Conclusion and orders
For these reasons I am satisfied that a final review order should be made setting aside the orders made in the Magistrates Court at Karratha on 22 January 2018. I will make an order to that effect under s 36(4)(a) of the Magistrates Court Act 2004 (WA). I also intend, by way of a consequential ancillary order under s 36(4)(c), to make a declaration confirming that the Proceedings have not been dismissed by operation of r 95F of the Magistrates Court (Civil Proceedings) Rules 2005 (WA).
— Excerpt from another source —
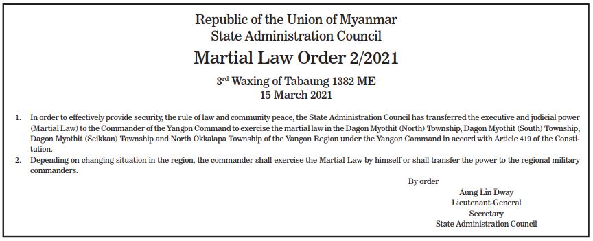 Martial Law Order 2/2021 #The Global New Light of Myanmar

I consider such an order to be within power under s 36(4) and appropriate so that there is no doubt as to the ability of the plaintiff to continue to prosecute the Proceedings. The consequential declaration follows logically from the substantive order under s 36(4)(a) of the Act.
Subject to hearing from counsel as to the precise form of the orders, I will make orders to the following effect:
(1)Pursuant to s 36(4)(a) of the Magistrates Court Act 2004 (WA) the court sets aside the orders of Magistrate de Vries made 22 January 2018 in the Magistrates Court at Karratha in proceedings CTC/225/2014 between the plaintiff and the defendant.
(2)The court declares that r 95F of the Magistrates Court (Civil Proceedings) Rules 2005 (WA) did not operate to dismiss proceedings CTC/225/2014 in the Magistrates Court at Karratha on or about 14 January 2018 and that those proceedings remain on foot.
(3)Each party, ie the plaintiff, the defendant and the intervenor, bear its own costs of the proceedings.
(4)The plaintiff's application under s 12A(2) of the Suitors' Fund Act 1964 (WA) is dismissed.
(5)The defendant's application under s 10(1) of the Suitors' Fund Act 1964 (WA) is dismissed.
I certify that the preceding paragraph(s) comprise the reasons for decision of the Supreme Court of Western Australia.